Los Angeles Mayor Eric Garcetti plans to appoint veteran school district administrator Thelma Melendez de Santa Ana as his new education deputy, according to KPCC.
The arrangement came to light in documents for L.A. Unified’s Tuesday school board meeting. A “reimbursement agreements” section included a request by the City of Los Angeles to hire an LA Unified employee.
Vivian Ekchian, L.A. Unified’s Chief of Human Resources, said that item refers to Thelma Melendez de Santa Ana, who was hired by the school district at a $140,000-a-year salary.
“The superintendent’s office informed us that she was processed about a week ago,” Ekchian said.
But the district won’t pay her salary. Instead, she’ll be on loan to the City of L.A. as a Director of Education and Workforce Development. That would make her Mayor Garcetti’s education deputy.
Remember that Melendez de Santa Ana has already quit on two school districts. She left the Pomona School District to take a job in the Obama administration, then made a mess of the Santa Ana Unified School District only to quit again when the School Board finally woke up and started to review what she had done to the district.
But wait – this story gets even worse.
Her one-year contract includes teacher retirement benefits, health and welfare, and 20 vacation days among other benefits. Her total compensation package is just over $151,000. The City of LA will pay the entire benefit, plus a 3% fee to the district.
Her compensation includes contributions to her teacher retirement. And that may explain the unusual arrangement.
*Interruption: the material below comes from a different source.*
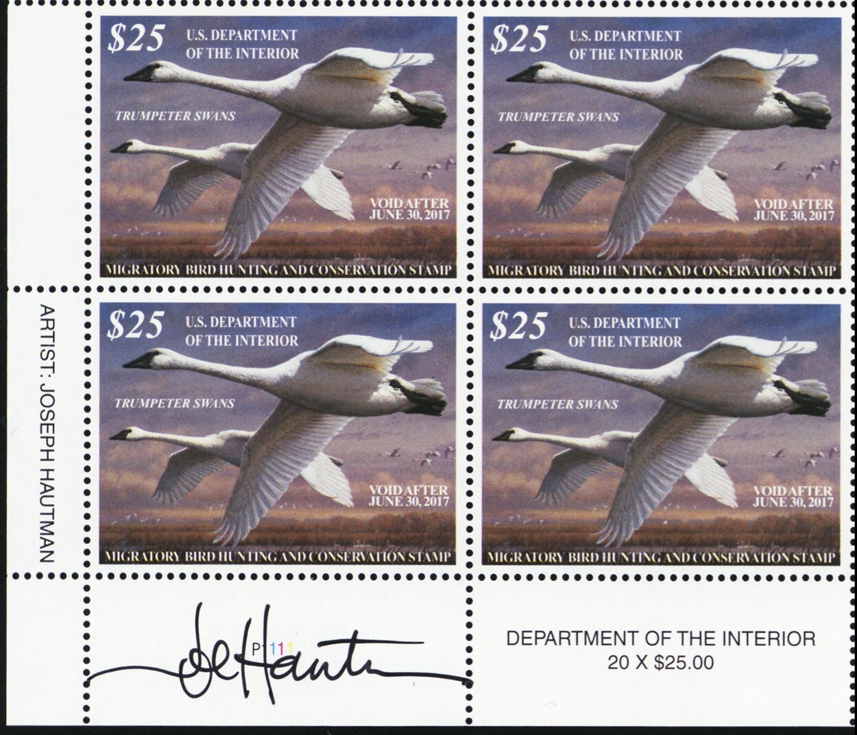 RW83, MNH $25 Duck Plate Block Artist Signed! Very Scarce! * Stuart Katz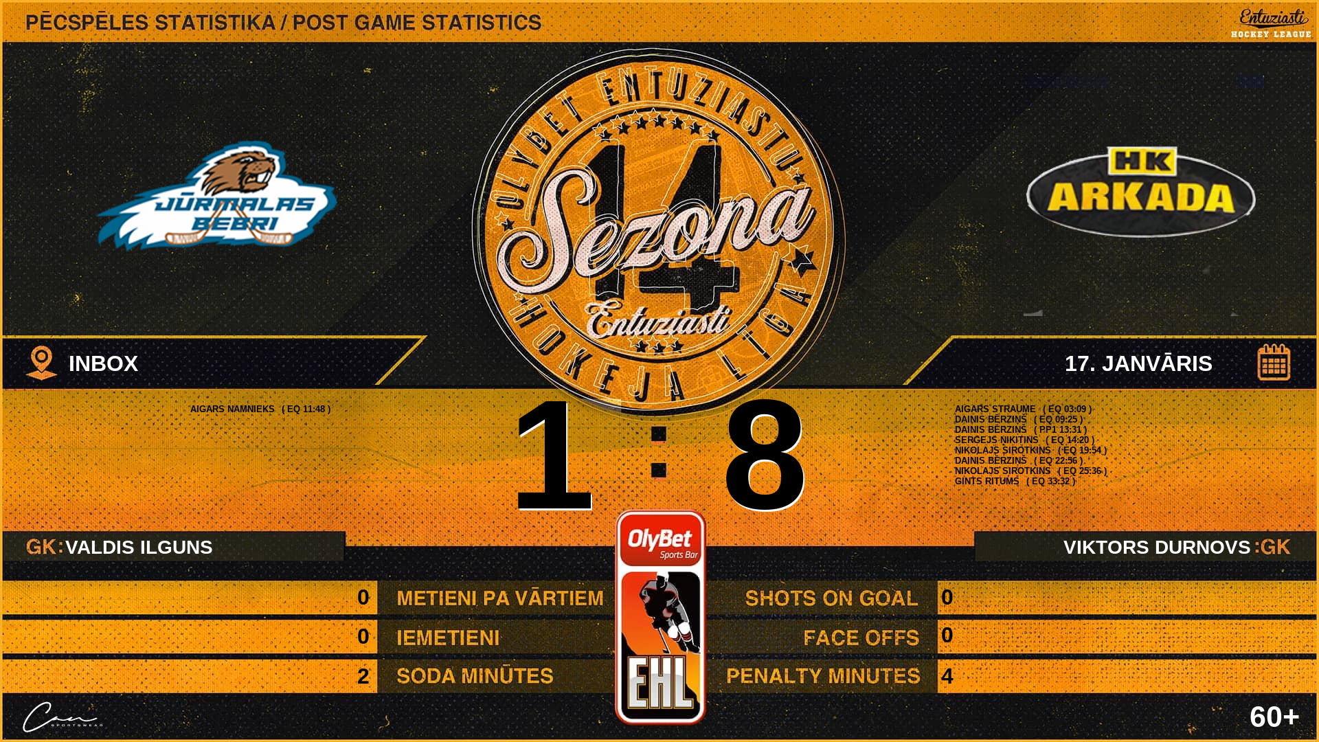 | 00:00 | ARK | GK In | #1 Viktors Durnovs |

Melendez de Santa Ana became a teacher in 1982- so contributions at L.A. Unified would add to her retirement.
The arrangement is outlined in a “Letter of Agreement” between City and school district officials dated Aug. 13.
According to that document, her duties include advising and assisting the mayor “in coordinating with LAUSD and stakeholders including LACCD, WIB, Business Associations, Research/Academic Institutions, Foundations, Entrepreneurs and others to lead Los Angeles residents to become more competitive for job and higher education opportunities.”